• [What you need to do]:
Return the data below exactly as given, except for the images.

++++

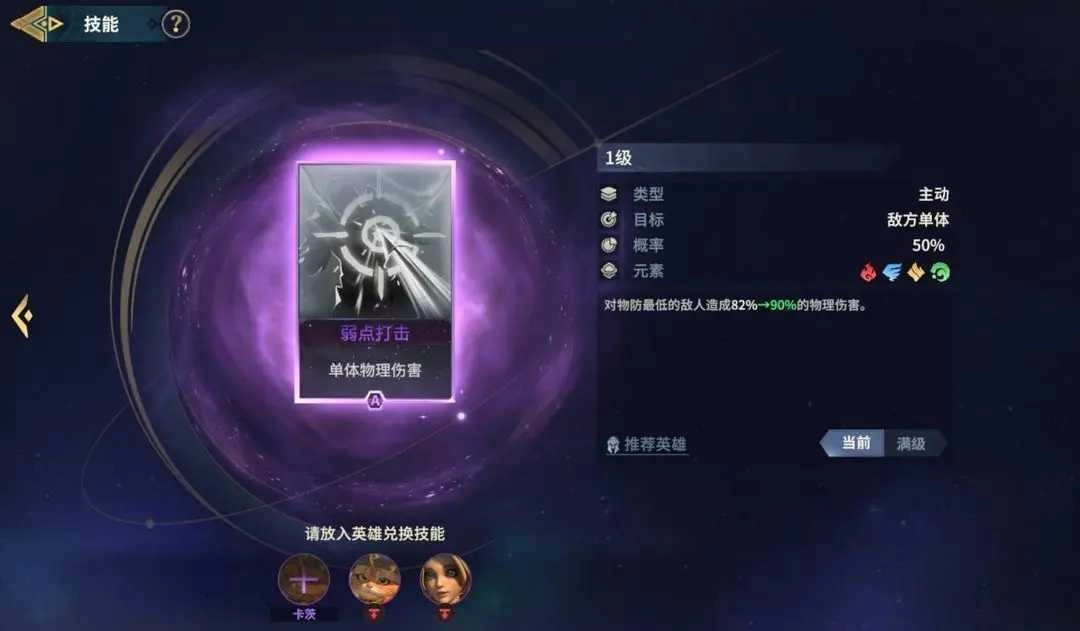 游戲內(nèi)每個(gè)英雄自帶普通攻擊、核心技能兩個(gè)技能。還可額外賦予兩個(gè)技能。分別在10級(jí)和20級(jí)解鎖
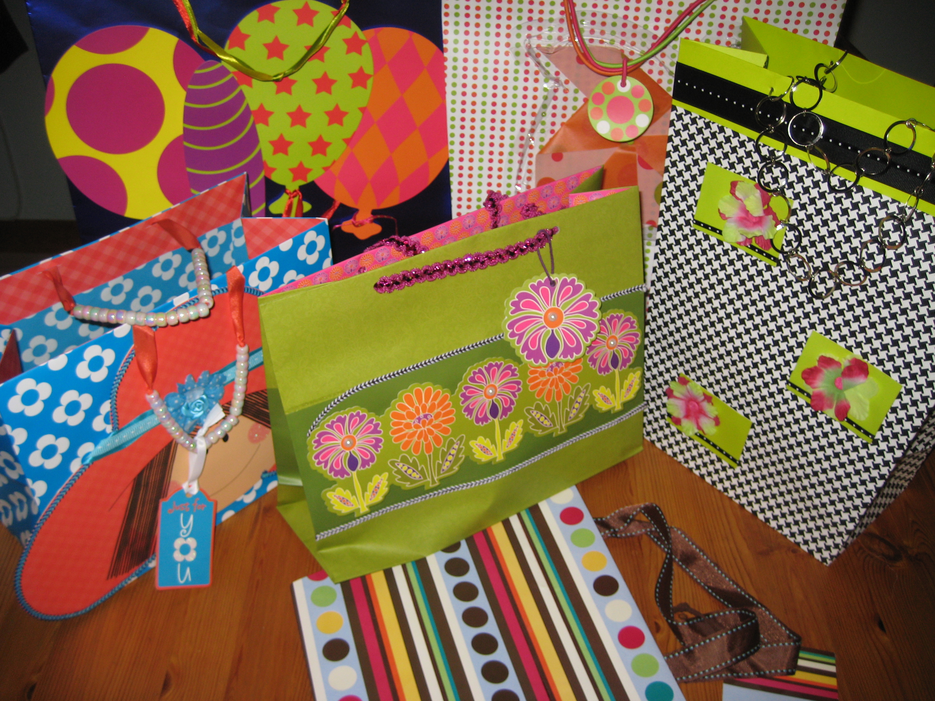 Födelsedagar firas ju även i december, så idag tog jag fram en presentpåse jag fick av min syster o systerdotter. Påsarna är inköpta i USA och jag fotade några, visst är de härliga? Man blir glad av dem.
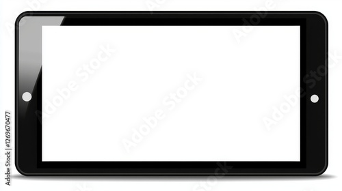 Image of a contemporary black tablet computer displaying a blank screen in a horizontal orientation, set against a plain white backdrop, in PNG format
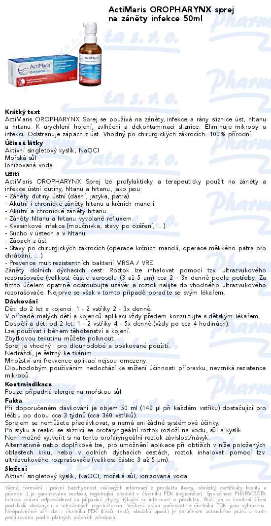 ActiMaris OROPHARYNX sprej na záněty infekce 50ml
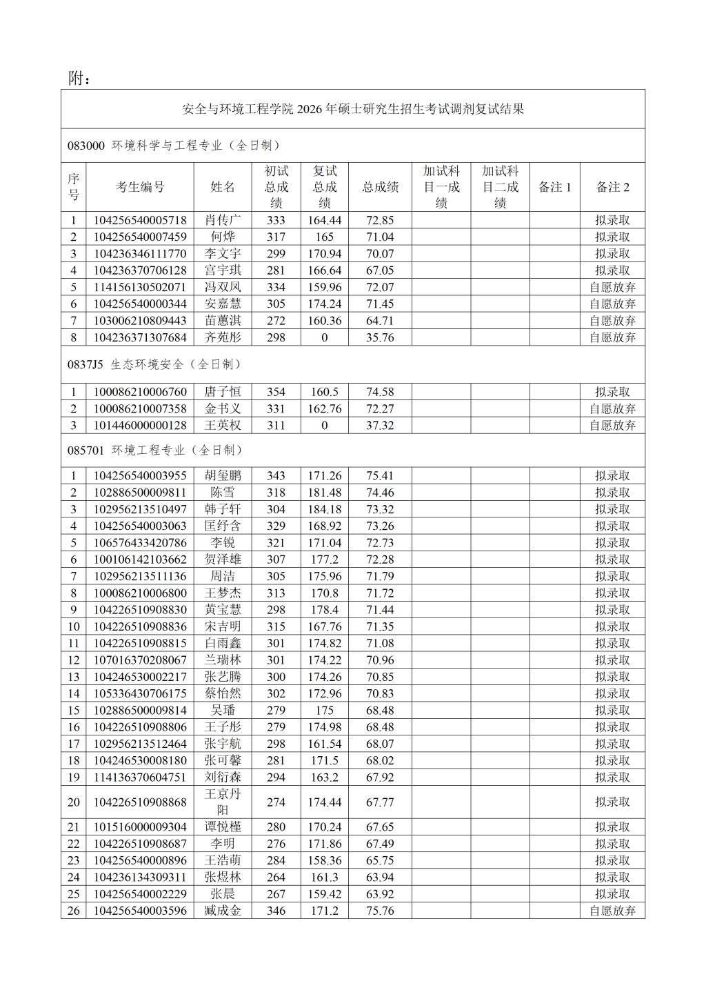 点击:根据《黄色小说 2026年硕士研究生复试录取工作方案》《黄色小说 2026年硕士研究生复试录取工作实施细则》要求,黄色小说 组织完成2026年硕士研究生招生考试调剂复试,现将结果予以公示(名单附后)。

++++

• [Problem solution]:
 游戲內(nèi)每個(gè)英雄自帶普通攻擊、核心技能兩個(gè)技能。還可額外賦予兩個(gè)技能。分別在10級(jí)和20級(jí)解鎖
 Födelsedagar firas ju även i december, så idag tog jag fram en presentpåse jag fick av min syster o systerdotter. Påsarna är inköpta i USA och jag fotade några, visst är de härliga? Man blir glad av dem.
 Image of a contemporary black tablet computer displaying a blank screen in a horizontal orientation, set against a plain white backdrop, in PNG format
 ActiMaris OROPHARYNX sprej na záněty infekce 50ml
 点击:根据《黄色小说 2026年硕士研究生复试录取工作方案》《黄色小说 2026年硕士研究生复试录取工作实施细则》要求,黄色小说 组织完成2026年硕士研究生招生考试调剂复试,现将结果予以公示(名单附后)。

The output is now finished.